Stewart-Taylor, Jon stewart-taylorj at anx.com
Wed Feb 25 08:56:03 EST 2009


> [...] a sense of what 5 degrees means [...]

Hold your closed fist out at arm's length.  That's 5 degrees.  That's
also the approximate field of view of most binoculars of the 7x35 or
10x50 variety, and many finder scopes.

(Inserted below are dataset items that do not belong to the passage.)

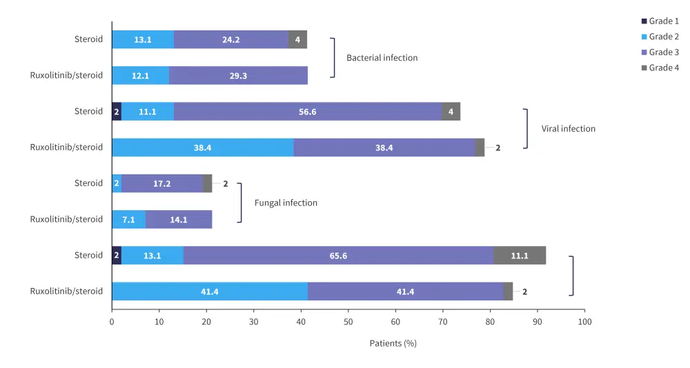 The rate of Grade 3 and 4 severe adverse events was similar between the groups, with 87.9% and 85% of patients experiencing a severe event in the ruxolitinib and steroid only group, respectively; however, Grade 4 events were more common in the steroid only group (50.5% vs 26.3%). Grade 3 and 4 thrombocytopenia occurred in 56.5% and 69.7% of patients treated with ruxolitinib and steroids alone, respectively. Rates of Grade 3 and 4 infections were higher in patients treated with steroids only, there was also no significant difference in the rates of cytomegalovirus and Epstein-Barr virus between treatment groups; the infection rates of both treatment groups are shown in Figure 4.
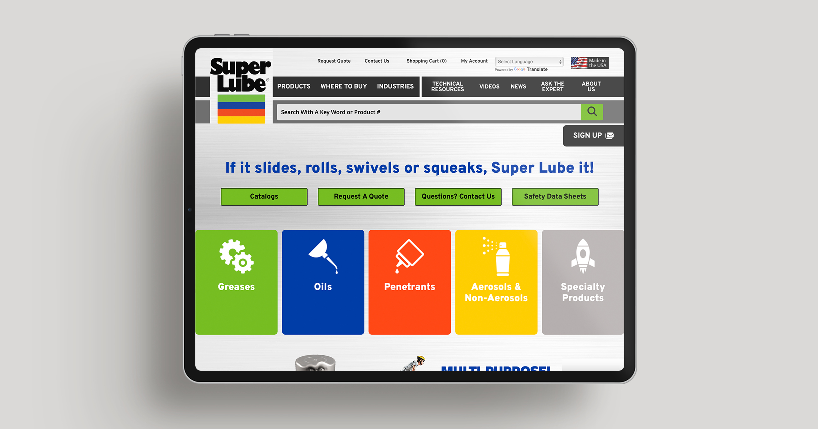 This included redesigned product catalogs, case studies, and sell sheet templates tailored to specific industries, ensuring the right products were matched to the right applications. We also developed co-branded tradeshow banners, and fun leave-behind items like koozies for both Kroil and Super Lube. Each new piece reflected the website’s updated look, feel, and tone—delivering a cohesive, revitalized brand experience that energized the sales team and reinforced Super Lube’s growing market presence.
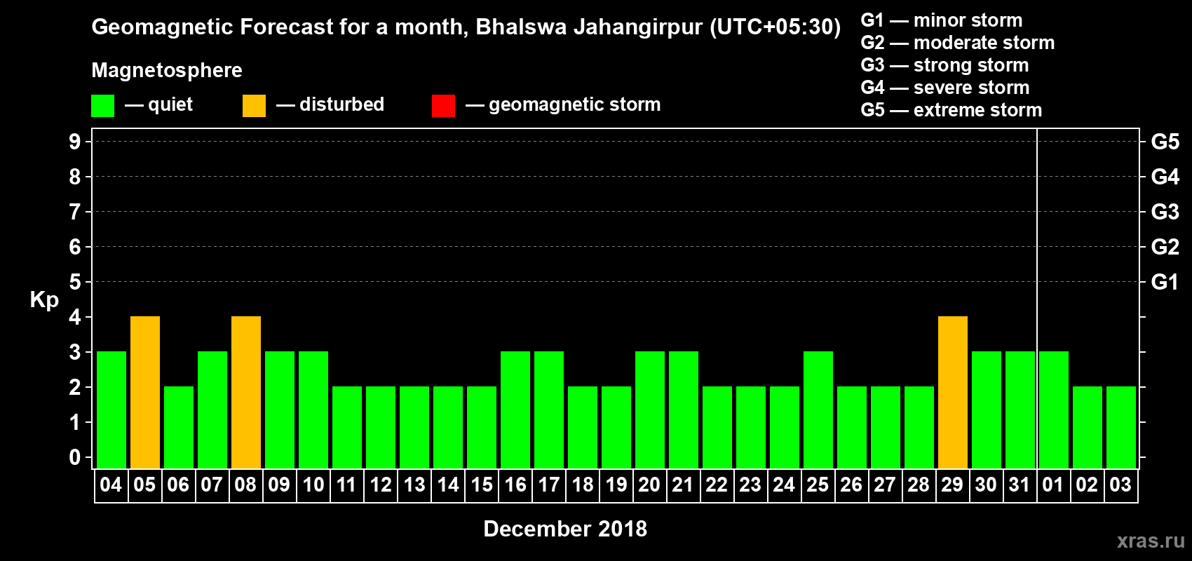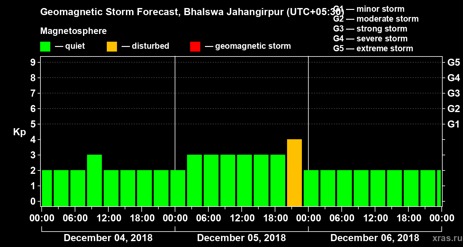 Geomagnetic storm forecast in Bhalswa Jahangirpur for Dec 04, 2018

Oh, and a bit over one
outer-Telrad-ring: if you center your guide star (or planet), then move
it to the outer ring, then move one inner ring, that's 5 degrees.

Especially for things like finding bright comets, i strongly recommend
using a pair of binoculars first.  You can often just sweep the object
up, and even if it's not directly visible, you get an idea of what the
field will look like in the finder.

J.

-----Original Message-----
From: chaos-l-bounces at rtpnet.org [mailto:chaos-l-bounces at rtpnet.org] On
Behalf Of mdlemon at lemons-bend.com
Sent: Tuesday, February 24, 2009 9:12 PM
To: chaos-l at rtpnet.org
Subject: Re: [Chaos-l] [Fwd: Re: Nice Animated GIF Of Comet Lulin]



I went out with the scope to take a look but couldn't find the sucker.  
Of course, that direction is right between two houses with a blazing  
orange criminal street star shining in my eyes.

Give a noob a sense of what 5 degrees means in naked distances.